An unapologetic Gwen Berry says National Anthem is 'disrespectful' to Black Americans
Berry clarified in a recent interview that she's not anti-American and should be allowed to participate in the Olympics come July
Two-time Olympian Gwen Berry sparked controversy during the US team trials for the 2021 Tokyo Olympics after turning away from the American flag while the national anthem was playing. But Berry remains unapologetic as she took time to clarify in a recent interview that she's not anti-American and should still be allowed to participate in the Olympics come July.

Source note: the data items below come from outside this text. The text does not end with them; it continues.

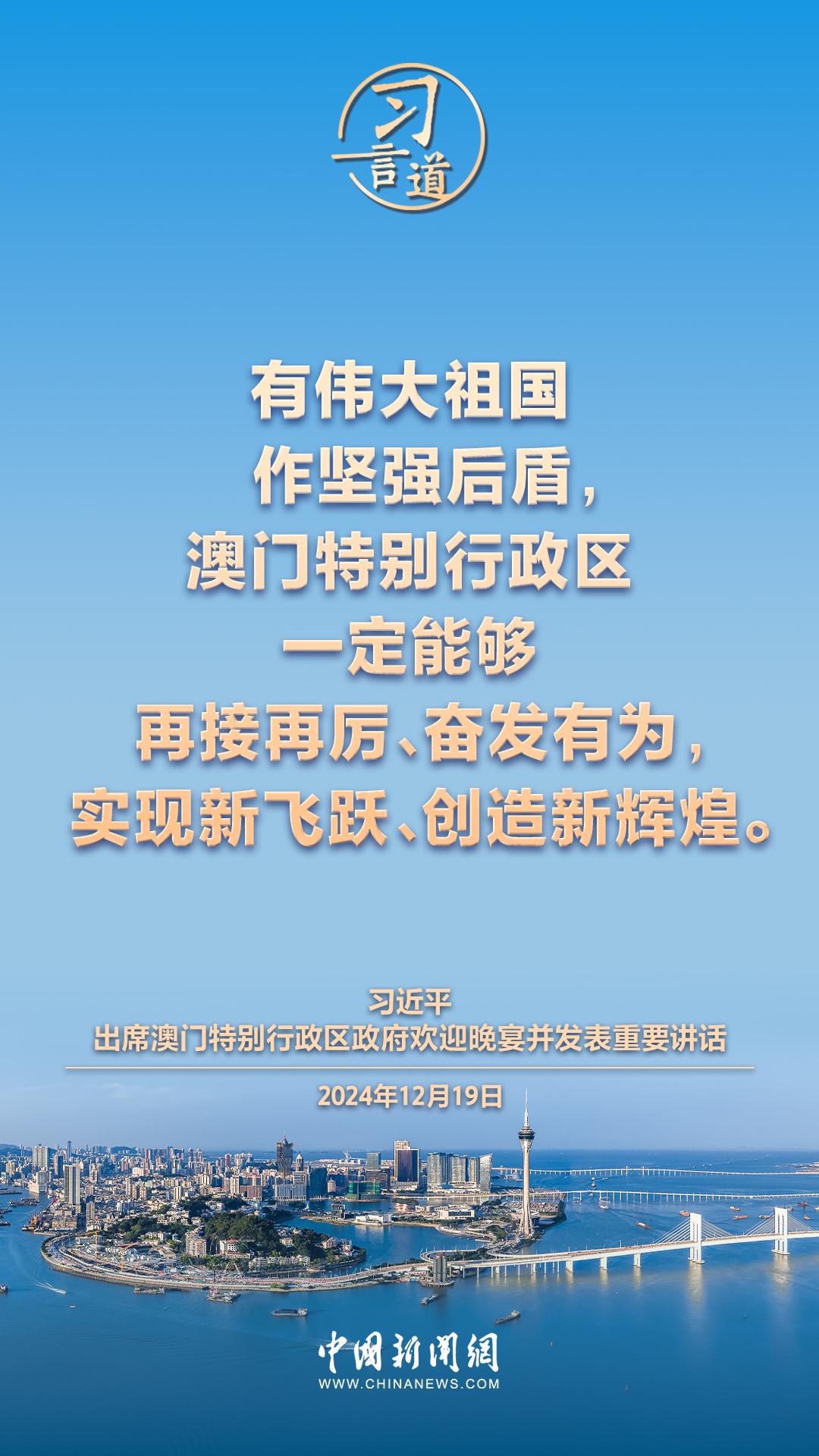 國家主席習近平19日晚出席澳門特別行政區(qū)政府歡迎晚宴并發(fā)表重要講話。習近平指出——
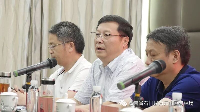湖南省林业局巡视员吴彦承、省国有林和森林公园管理局局长欧阳叙回、省国有林和森林公园管理局副局长蔡兵、省国有林和森林公园管理局副调研员吴锋、省农林工业勘察设计研究总院副院长王福生、省国有林场协会常务副会长左光辉、省国有林场协会功能型党支部书记冯科、省国有林场协会秘书长边更战、常德市林业局副局长颜劲草、石门县政府副县长谭本军等领导出席。
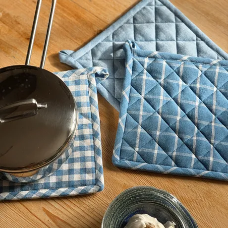 Recycled Pot Holder Recycling, 3-Assorted, Blue/White
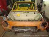 Při vyřezávání díry do předního čela pro náporák, jsem zjistil, že čelo je v hrozivém stavu. Tak jsem se rozhodl ho vyměnit. Bohužel bylo docela fest přilepené k blatníkům a nešlo sundat bez jejich demontáže.
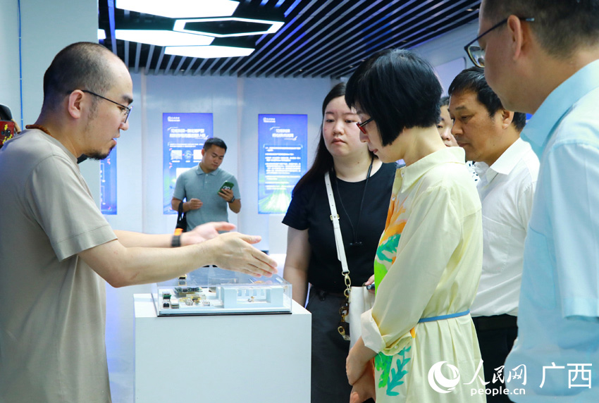 采訪團在西部陸海新通道南寧國際鐵路港展廳內(nèi)采訪。人民網(wǎng) 嚴立政攝
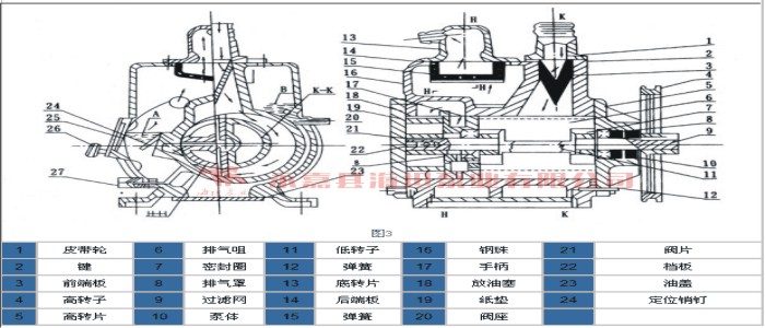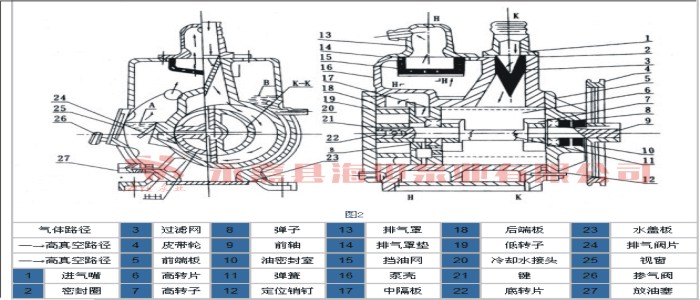 2、装配前应清洗干净并烘干,按图4进行装配,先装高真空端,将弹簧转片托起装入高转子内,然后放进高真空室,装上前端板,再装定位销钉,均匀拧紧螺钉,装配后应保证转动灵活轻松 ,均匀一致。然后再装低真空转子及后端盖,低转片的槽应向后端板一边。再装排气门,排气阀片应贴紧阀板坐,再装其它零件。
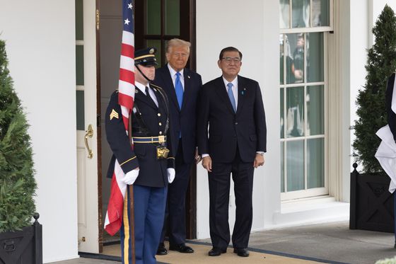 지난 2월 미국 워싱턴DC를 방문한 이시바 시게루 일본 총리가 도널드 트럼프 미국 대통령과 백악관에서 기념 촬영을 하고 있다. 신화통신=연합뉴스
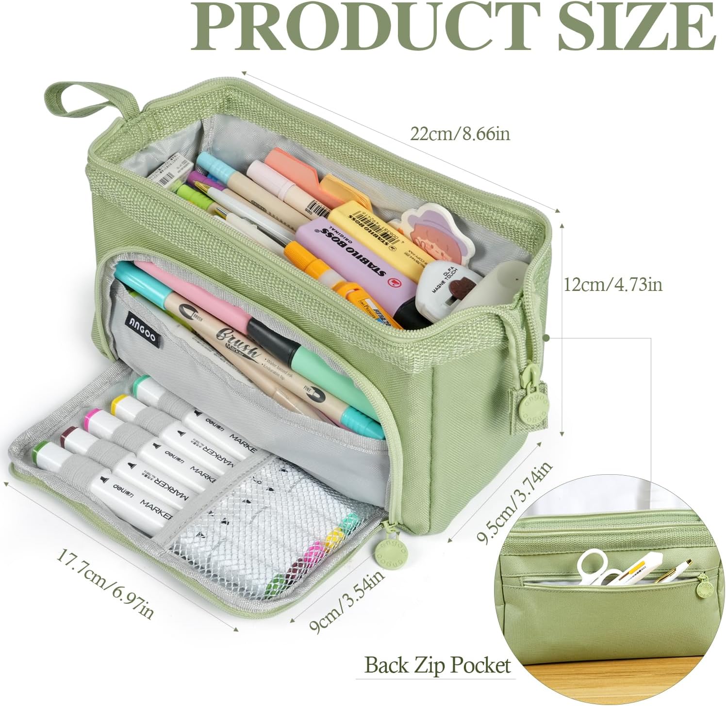 • Pencil Case with Compartments: The main compartment of the pencil pouch is designed with a wide opening and can store up to 100 pens, inside with two interior card slot pockets. The front flap with 5 pen slots. A zippered pocket on the back. Multiple compartments help you organize your essentials efficiently.
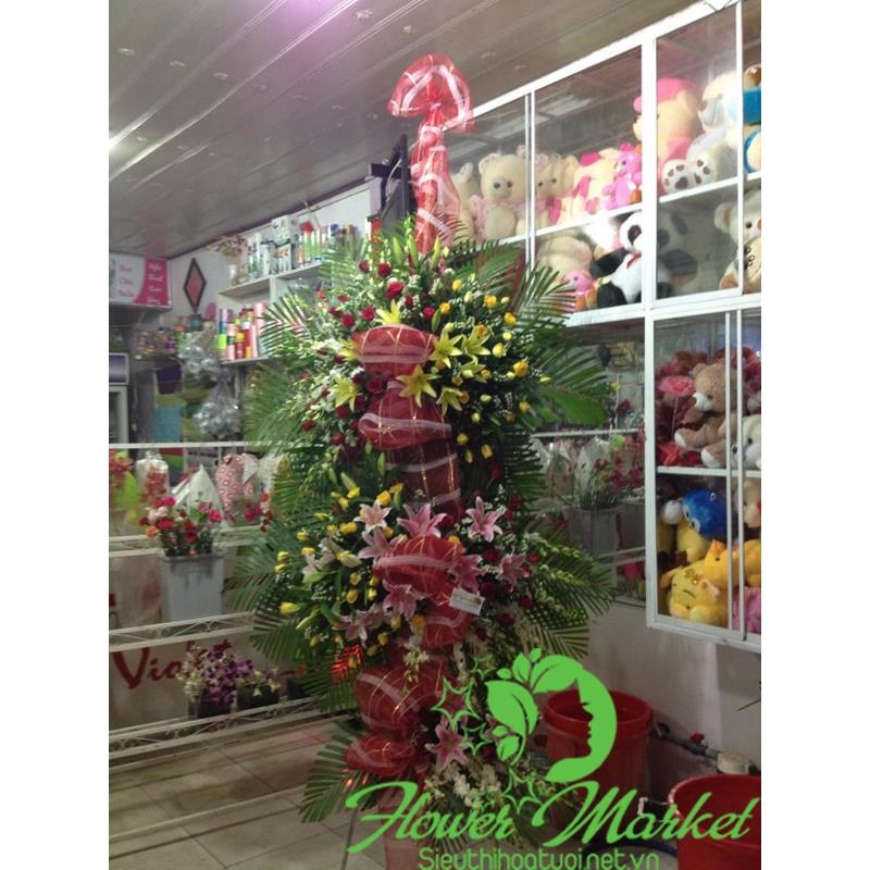Hoa tặng khai trương cao từ 1,5 - 1,8 mét với hoa chủ đạo là hoa hồng và hoa ly kết hợp với hoa lá phụ, cùng phụ kiện cao cấp kèm thông điệp lời nhắn mang ý nghĩa chúc mừng thịnh vượng đến cho doanh nghiệp, công ty...
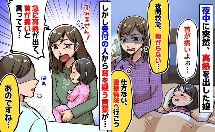 娘が夜中に高熱と首の痛み「夜間救急に繋がらない…」やむを得ず駆け込むと、受付で耳を疑う発言をされ
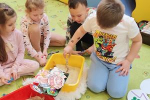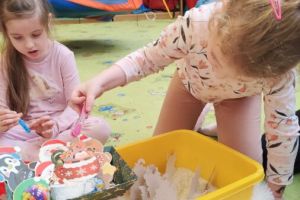 – Świąteczne przygotowania -sensoryczne odkrywanie zimowych faktur. Rozwijanie małej motoryki poprzez manipulowanie drobnymi przedmiotami.

In the wake of her gesture, there's been rampant social media backlash from the general public and conservative US senators, who demanded Berry's campaign be defunded, and the athlete disqualified from this year's games. "I never said that I didn't want to go to the Olympic games, that's why I competed and got third and made the team," Berry told the Black News Channel on June 29. Funded by the left-leaning advocate group Color of Change, who also support the defund-the-police campaign, Berry told the host: "I never said that I hated the country. I never said that. All I said was I respect my people enough to not stand for or acknowledge something that disrespects them. I love my people. Point blank, period."

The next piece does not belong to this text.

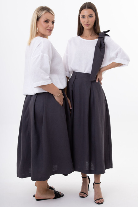 Элегантный костюм премиум-класса из белорусского льна с вискозой премиального качества — идеальный баланс романтики, практичности и экологичности. Набор включает джемпер свободного прямого кроя со съемным декоративным бантом и длинную юбку с эффектными встречными складками, боковыми карманами и потайной молнией. Натуральные материалы обеспечивают легкость, воздухопроницаемость и гипоаллергенность, сохраняя безупречный вид в любых ситуациях.
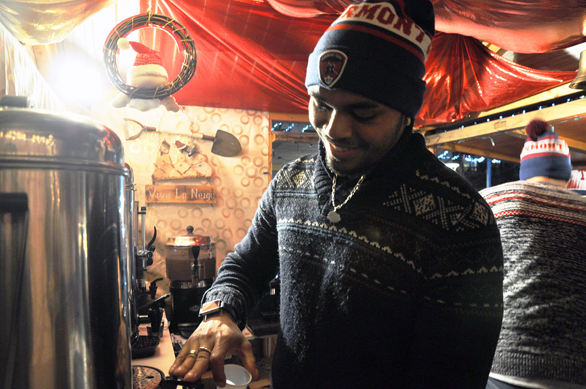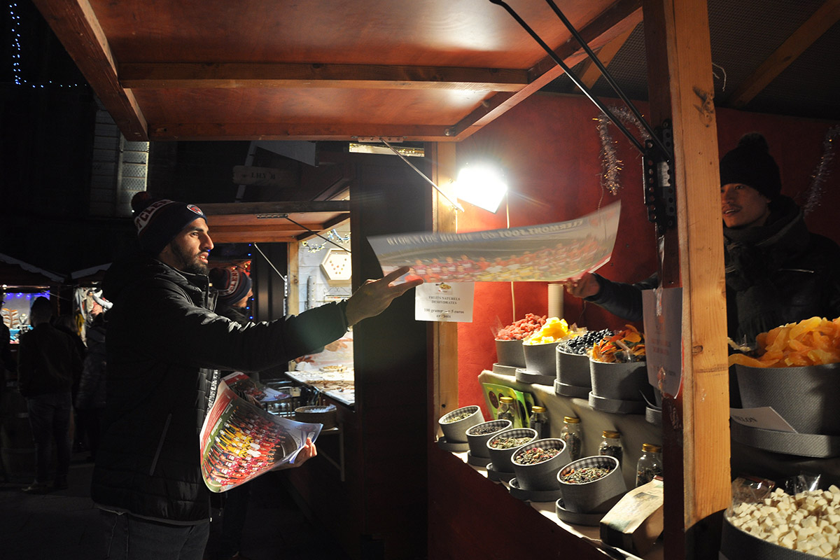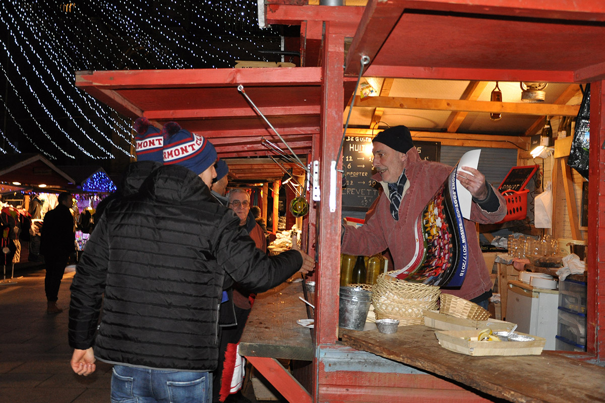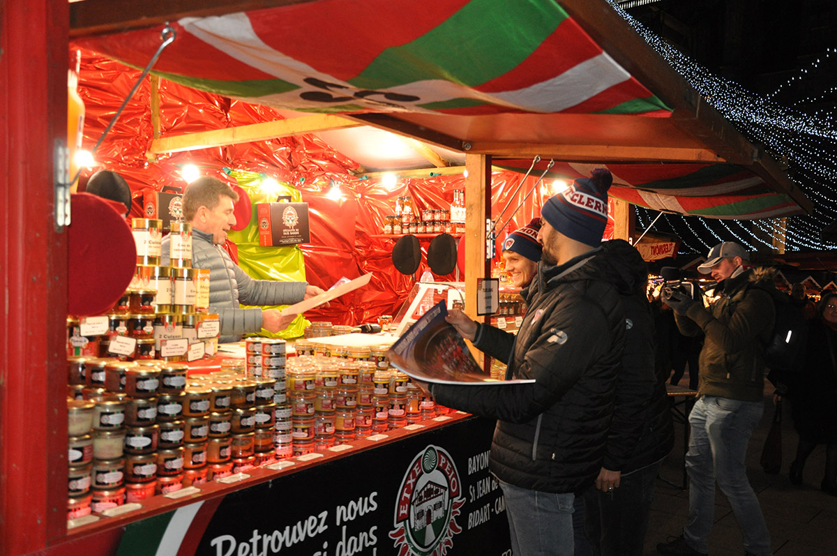 Après avoir fait un tour du Marché pour saluer les différents exposants, les trois joueurs professionnels ont ensuite investi un stand de vin chaud, afin d'assurer le service et d'offrir le verre de l'amitié aux supporters présents !

Her diss against the American flag and the anthem, however, still stands. In the interview scheduled on Berry's own 32nd birthday, she further explained: "If you know your history, you know the full song of the National Anthem, the third paragraph speaks to slaves in America, our blood being slain...all over the floor. It's disrespectful and it does not speak for Black Americans. It's obvious. There's no question."
Berry was referring to a disputed part of the national anthem that reads: "And where is that band who so vauntingly swore, that the havoc of war and the battle's confusion. A home and a country, should leave us no more? Their blood has washed out their foul footsteps' pollution. No refuge could save the hireling and slave, From the terror of flight, or the gloom of the grave."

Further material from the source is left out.